DOVER KENT ARCHIVES

Page Updated:- Wednesday, 10 December, 2025.

LIST PUBLIC HOUSES Paul Skelton

 

Notes of 1855

 

 

Kentish Gazette, 7 August 1855

The new Sale of Beer Bill

The bill brought in to repeal the unpopular Beer Act of last session, the 17th and 18th of Victoria, chap. 79. declares that “the laws now in force against the sale of fermented and distilled liquors on the Lord’s day have been found to be attended with inconvenience to the people,” and the 1st clause absolutely repeals the Beer Act now in force, and lately reported against by the select committee.
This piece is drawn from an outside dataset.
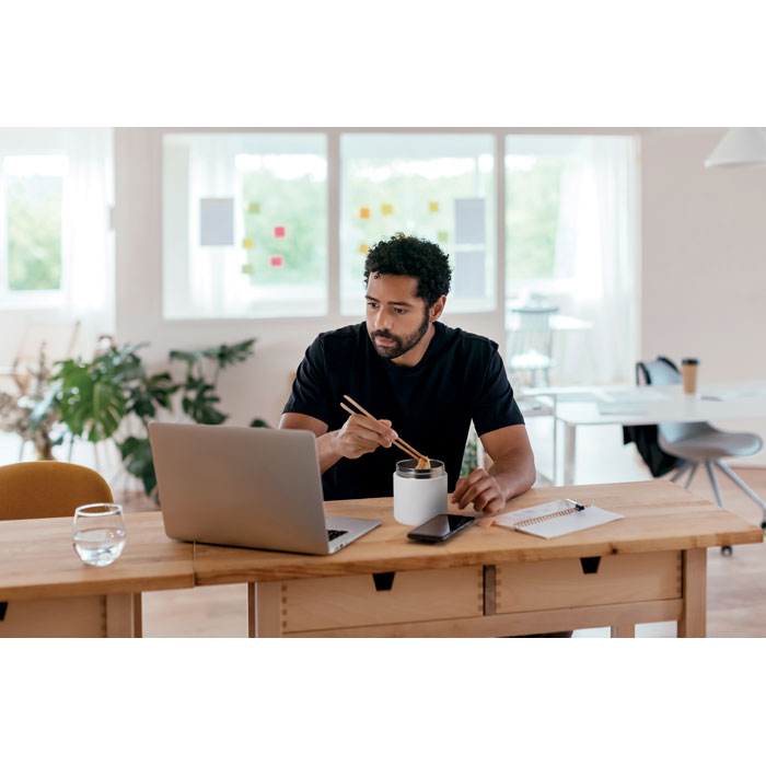 Dvoustěnná izolovaná nádoba na oběd vyrobená z 90 % z recyklované nerezové oceli a z 10 % z nerezové oceli s víčkem z PP. Objem: 500 ml.
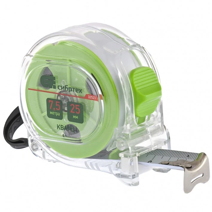 Рулетка Сибртех Кварц 32523 с полотном размером 7,5 м х 25 мм, в прозрачном корпусе, с амортизатором, будет полезна для измерения длины конструкций, строительных материалов и т.д. Пригодится на строительной площадке, в гараже, мастерской и в быту.ПреимуществаДолговечность и надежность — корпус из поликарбоната с амортизатором защищен от внешних воздействий и не разрушается при быстром возврате ленты.Подвижной зацеп True-zero — толщина зацепа компенсируется для повышения точности измерений.Удобная упаковка — рулетка поставляется в картонной подвесной карте.Безопасная эксплуатация — рулетку можно подвесить за ремешок на запястье для предотвращения ее падения во время работы.

Clause 2 prohibits licensed victuallers from selling wine, beer, or spirits, or any fermented or distilled liquors, between the hours of three and five p.m., or after eleven p.m., on Sunday, Christmas day, or Good Friday, or before four a.m., of the following day. Clause 3 prohibits the opening of “places of public resort” for the sale of liquor between the hours or after or before the hours already mentioned. The public will thus gain two and a half hours on Sundays, as the act about to be repealed closes public-houses from half past two till six p.m., and after ten p.m. Power is given to constables to enter public-houses, &c, at any time. The penalty tor selling liquors within the prohibited intervals is £5 for every separate sale. An appeal will lie to the quarter sessions. From the second report of the select committee on the Beer act of 1854, it appears that, when the adoption of the report was moved, Sir J. Pilkington, the member for Droitwich, moved an amendment, that “The committee had not yet received sufficient evidence as to the effect produced by the act of 1854 to justify a report to the house in the present session,” but Sir John was left in a minority of one, there being eleven votes against his amendment. The report was thereupon agreed to, and the bill whereof we have just given an abstract, is founded on its recommendations.